Hal ini dipengaruhi oleh sikap masyarakat dalam menerima suatu informasi yaitu masyarakat lebih tertarik dengan penanganan diare karena informasi tersebut membantu masyarakat untuk mengatasi masalah yang dihadapi dan akan menimbulkan akibat yang merugikan apabila tindakan penanganan tidak dilakukan.

Hal ini sesuai dengan yang diungkapkan Leventhal cit. Azwar (2007) bahwa persuasi dapat diperkaya dengan pesan-pesan yang membangkitkan emosi yang kuat dalam diri seseorang. Apalagi bila pesan berisi rekomendasi mengenai bagaimana perubahan sikap dapat mencegah konsekuensi negatif dari pesan yang hendak diubah. Cara ini sangat efektif untuk perilaku yang berkaitan dengan kesehatan sehingga dapat dipahami apabila pesan mengenai penanganan diare lebih diterima masyarakat.

Kurang berhasilnya promosi kesehatan di masyarakat dipengaruhi oleh kegiatan yang dilakukan selama ini. Informasi yang diberikan kepada masyarakat selama ini lebih menonjolkan sisi kuratif. Masyarakat lebih banyak menerima informasi mengenai

penanganan diare. Selain itu dipengaruhi juga oleh frekuensi penyuluhan dan tehnik komunikasi yang digunakan. Teknik komunikasi yang digunakan lebih banyak menggunakan konseling tanpa menggunakan media lain.

Sejalan dengan hal tersebut Ewles (1994) menyatakan bahwa media bukan merupakan satu-satunya strategi promosi kesehatan tetapi seringkali harus disertai dengan pemberdayaan masyarakat dan organisasi masyarakat. Untuk itu dalam melakukan promosi pencegahan diare sebaiknya dilakukan sesuai dengan tahapan tahapan dalam perencanaan dan pelaksanaan program sehingga kegiatan yang dilakukan adalah kegiatan yang berdasar pada analisis masalah dan kebutuhan masyarakat bukan sekedar kebutuhan program.

Pemahaman masyarakat mengenai faktor risiko terjadinya diare dari sisi lingkungan masih kurang sehingga kebutuhan masyarakat untuk mengetahui peranan lingkungan dalam pencegahan diare belum ada. Padahal berdasarkan hasil observasi diketahui bahwa peranan lingkungan cukup besar dalam memengaruhi terjadinya diare di daerah tersebut. Hal ini menunjukkan bahwa masyarakat tidak terbiasa untuk melakukan pencegahan akan tetapi masyarakat terbiasa untuk melakukan tindakan setelah masalah muncul.

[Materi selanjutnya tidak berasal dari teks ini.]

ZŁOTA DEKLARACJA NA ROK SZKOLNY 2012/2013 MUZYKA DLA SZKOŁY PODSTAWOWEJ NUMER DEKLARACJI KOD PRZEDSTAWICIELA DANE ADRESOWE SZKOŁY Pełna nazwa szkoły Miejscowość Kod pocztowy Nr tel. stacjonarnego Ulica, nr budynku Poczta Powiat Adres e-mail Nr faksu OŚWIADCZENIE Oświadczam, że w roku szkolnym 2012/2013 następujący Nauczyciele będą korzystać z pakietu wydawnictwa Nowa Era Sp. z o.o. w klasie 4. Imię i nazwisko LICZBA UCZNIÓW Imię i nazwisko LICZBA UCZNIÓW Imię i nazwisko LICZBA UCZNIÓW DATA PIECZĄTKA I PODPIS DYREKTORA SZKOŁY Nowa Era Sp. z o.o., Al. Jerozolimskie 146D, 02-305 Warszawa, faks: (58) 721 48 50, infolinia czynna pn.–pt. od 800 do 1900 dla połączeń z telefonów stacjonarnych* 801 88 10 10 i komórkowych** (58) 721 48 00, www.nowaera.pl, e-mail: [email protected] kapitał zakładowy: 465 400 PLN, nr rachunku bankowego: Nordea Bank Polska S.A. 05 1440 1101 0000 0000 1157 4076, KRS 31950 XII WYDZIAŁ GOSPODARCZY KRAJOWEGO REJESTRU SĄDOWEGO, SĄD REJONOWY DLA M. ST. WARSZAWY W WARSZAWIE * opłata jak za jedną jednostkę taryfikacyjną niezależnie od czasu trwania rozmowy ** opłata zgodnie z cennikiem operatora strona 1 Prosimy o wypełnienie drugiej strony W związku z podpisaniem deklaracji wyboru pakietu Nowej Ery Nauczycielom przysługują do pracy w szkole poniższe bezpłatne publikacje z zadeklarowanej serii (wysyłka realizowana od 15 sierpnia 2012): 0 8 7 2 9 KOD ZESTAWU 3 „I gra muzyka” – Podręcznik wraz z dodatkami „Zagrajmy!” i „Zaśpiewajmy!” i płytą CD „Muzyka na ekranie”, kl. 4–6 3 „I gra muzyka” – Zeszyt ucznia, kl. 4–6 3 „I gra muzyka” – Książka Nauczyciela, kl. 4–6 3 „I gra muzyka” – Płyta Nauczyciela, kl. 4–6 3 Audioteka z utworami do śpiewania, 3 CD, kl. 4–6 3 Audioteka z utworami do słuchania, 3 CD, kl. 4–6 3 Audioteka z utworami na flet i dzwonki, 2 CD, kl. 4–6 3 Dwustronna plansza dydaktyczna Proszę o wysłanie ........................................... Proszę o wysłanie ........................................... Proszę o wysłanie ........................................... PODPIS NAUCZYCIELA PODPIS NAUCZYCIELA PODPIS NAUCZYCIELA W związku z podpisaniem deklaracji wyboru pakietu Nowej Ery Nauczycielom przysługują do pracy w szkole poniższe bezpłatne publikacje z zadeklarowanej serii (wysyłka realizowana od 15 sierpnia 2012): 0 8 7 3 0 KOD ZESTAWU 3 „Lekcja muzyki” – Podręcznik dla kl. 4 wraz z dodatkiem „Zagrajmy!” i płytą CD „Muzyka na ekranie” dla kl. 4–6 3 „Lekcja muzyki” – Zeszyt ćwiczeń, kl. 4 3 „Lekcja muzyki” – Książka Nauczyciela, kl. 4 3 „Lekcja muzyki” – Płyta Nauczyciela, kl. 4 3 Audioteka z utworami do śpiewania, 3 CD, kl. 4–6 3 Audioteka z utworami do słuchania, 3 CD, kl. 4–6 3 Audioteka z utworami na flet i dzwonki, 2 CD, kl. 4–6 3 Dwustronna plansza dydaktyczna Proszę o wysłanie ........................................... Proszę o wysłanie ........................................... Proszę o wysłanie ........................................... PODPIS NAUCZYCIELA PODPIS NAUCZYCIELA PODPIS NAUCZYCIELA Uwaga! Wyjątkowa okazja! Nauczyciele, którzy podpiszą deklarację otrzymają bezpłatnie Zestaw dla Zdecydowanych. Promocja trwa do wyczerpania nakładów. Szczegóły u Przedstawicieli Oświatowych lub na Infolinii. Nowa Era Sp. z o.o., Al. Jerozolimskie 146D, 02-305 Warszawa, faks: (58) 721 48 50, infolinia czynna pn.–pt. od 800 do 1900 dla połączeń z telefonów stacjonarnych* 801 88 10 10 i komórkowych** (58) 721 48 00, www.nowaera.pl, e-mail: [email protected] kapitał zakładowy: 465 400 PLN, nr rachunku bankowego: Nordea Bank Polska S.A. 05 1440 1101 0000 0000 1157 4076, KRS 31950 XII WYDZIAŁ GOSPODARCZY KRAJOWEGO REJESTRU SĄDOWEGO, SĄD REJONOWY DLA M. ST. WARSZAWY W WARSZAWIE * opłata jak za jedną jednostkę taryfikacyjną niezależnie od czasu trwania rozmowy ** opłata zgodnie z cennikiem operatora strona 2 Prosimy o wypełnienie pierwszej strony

Promosi kesehatan adalah suatu program perubahan perilaku masyarakat yang menyeluruh, dalam konteks masyarakatnya. Bukan hanya perubahan perilaku (within people), tetapi juga perubahan lingkungannya. Perubahan perilaku tanpa diikuti perubahan lingkungan tidak akan efektif, perilaku tersebut tidak akan bertahan lama.

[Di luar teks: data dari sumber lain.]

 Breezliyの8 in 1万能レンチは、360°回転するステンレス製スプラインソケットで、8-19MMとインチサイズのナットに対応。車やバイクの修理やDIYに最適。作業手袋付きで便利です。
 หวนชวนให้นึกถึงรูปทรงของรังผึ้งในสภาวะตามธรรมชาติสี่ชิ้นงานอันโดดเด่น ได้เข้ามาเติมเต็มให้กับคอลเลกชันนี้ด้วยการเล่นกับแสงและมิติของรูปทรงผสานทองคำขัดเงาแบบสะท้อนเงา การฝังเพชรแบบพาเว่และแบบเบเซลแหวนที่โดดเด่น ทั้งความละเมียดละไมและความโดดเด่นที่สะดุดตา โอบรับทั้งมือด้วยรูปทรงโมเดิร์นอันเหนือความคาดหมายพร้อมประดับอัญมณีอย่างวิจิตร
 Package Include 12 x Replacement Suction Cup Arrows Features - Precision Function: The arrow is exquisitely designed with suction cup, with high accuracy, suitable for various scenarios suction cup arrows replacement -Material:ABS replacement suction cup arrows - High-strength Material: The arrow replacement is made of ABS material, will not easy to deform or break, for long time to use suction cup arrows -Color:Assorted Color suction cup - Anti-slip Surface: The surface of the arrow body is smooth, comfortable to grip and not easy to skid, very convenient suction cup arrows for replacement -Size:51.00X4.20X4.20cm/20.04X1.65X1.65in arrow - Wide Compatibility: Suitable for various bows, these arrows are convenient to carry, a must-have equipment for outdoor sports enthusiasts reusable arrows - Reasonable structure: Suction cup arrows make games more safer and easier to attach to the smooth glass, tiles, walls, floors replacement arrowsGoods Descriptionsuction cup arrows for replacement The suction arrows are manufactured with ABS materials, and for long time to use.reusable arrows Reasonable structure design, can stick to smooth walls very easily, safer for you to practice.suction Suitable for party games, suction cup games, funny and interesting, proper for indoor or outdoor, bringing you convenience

Oleh sebab itu, promosi kesehatan bukan sekedar mengubah perilaku saja tetapi juga mengupayakan perubahan lingkungan, sistem, dan sebagainya (Notoatmodjo, 2010).

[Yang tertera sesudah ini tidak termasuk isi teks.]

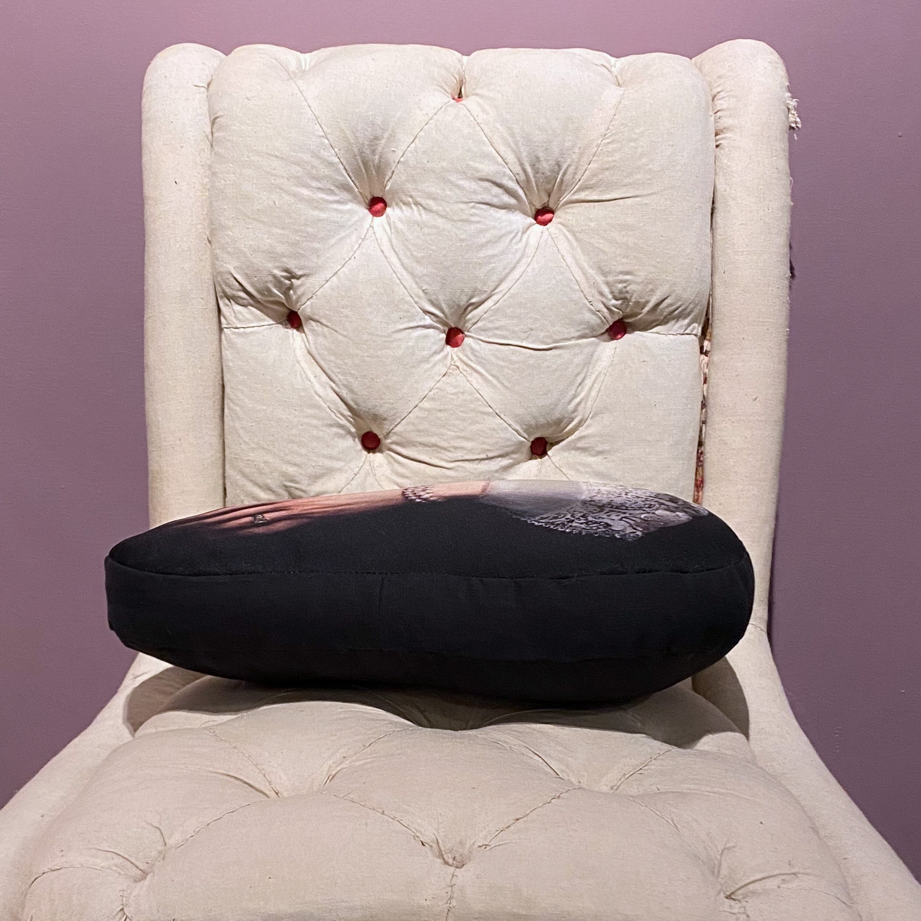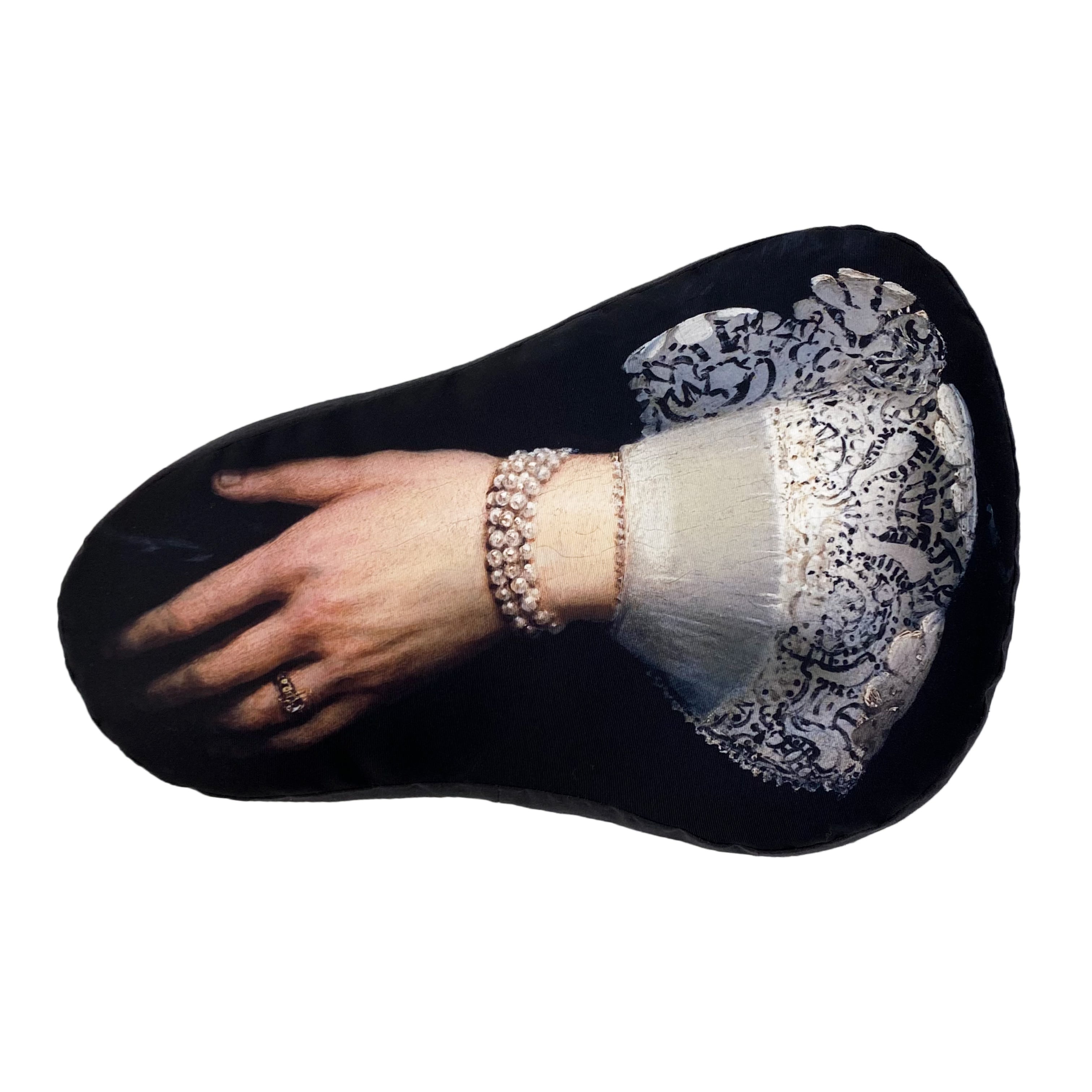 中世絵画の女性の手をプリントした生地を使った変形クッション。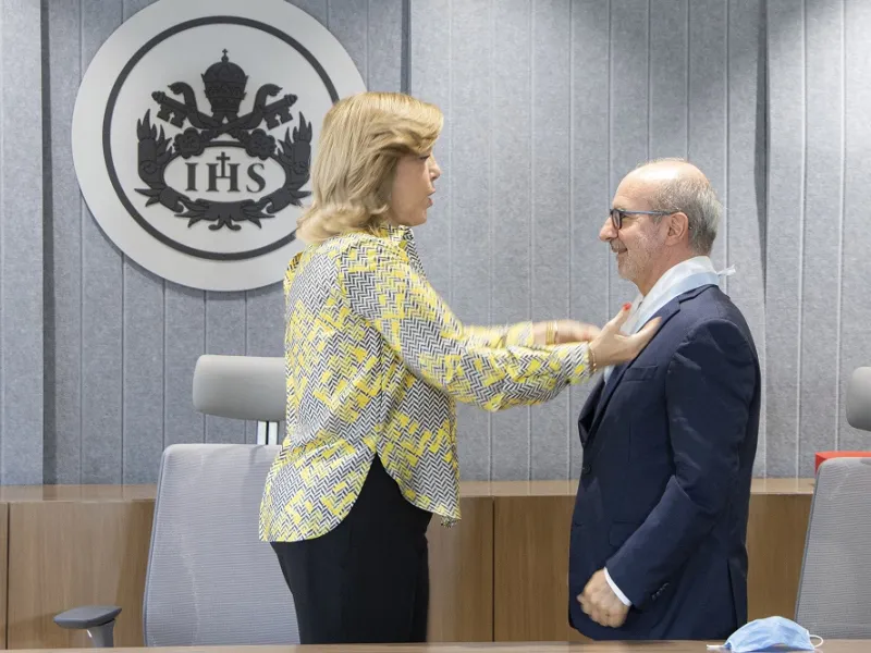 La gobernadora del Valle, Clara Luz Roldán González, confirió este jueves, 15 de septiembre, la Medalla del Orden al Mérito Vallecaucano al padre rector, Luis Felipe Gómez Restrepo, S.J., por su aporte desde la academia en la educación superior en la región. La ceremonia se realizó con la presencia de las directivas de la Javeriana Cali y el equipo de trabajo de la mandataria departamental.

Dari hasil penelitian, masyarakat mengharapkan agar penyuluhan diare dilakukan rutin setiap bulan dan dilakukan dengan mengumpulkan masyarakat di suatu tempat tidak dengan mengunjungi dari rumah ke rumah/home visit. Masyarakat menilai kunjungan dari rumah ke rumah selama ini tidak efektif karena tidak menjangkau seluruh masyarakat. Hal ini sesuai dengan pendapat Ester (2000), kualitas interaksi antara profesional kesehatan dan pasien/masyarakat merupakan bagian yang penting dalam menentukan tercapai atau tidaknya tujuan.

Untuk itu peran kader kesehatan dapat ditingkatkan sehingga dapat menjadi sumber pesan yang dipercayai dan dianggap mampu memberikan informasi. Usaha yang dapat dilakukan antara lain dengan pelatihan kader kesehatan dan pembinaan rutin sehingga kader mampu menjadi penyuluh kesehatan yang handal.

Kader yang sebagian besar merupakan anggota PKK, mempunyai tugas yang mulia. Kader diharapkan dapat berperan sebagai pemberi informasi kesehatan kepada masyarakat, penggerak masyarakat untuk melaksanakan pesan-pesan kesehatan seperti mendatangi posyandu dan melaksanakan hidup bersih dan sehat. Disamping itu kader juga dapat berperan sebagai orang yang pertama kali menemukan jika ada masalah kesehatan di daerahnya dan segera melaporkan ke tenaga kesehatan setempat. Kader merupakan penghubung antara masyarakat dengan tenaga kesehatan karena kader selalu berada di tengah-tengah masyarakat (Kemenkes RI, 2010).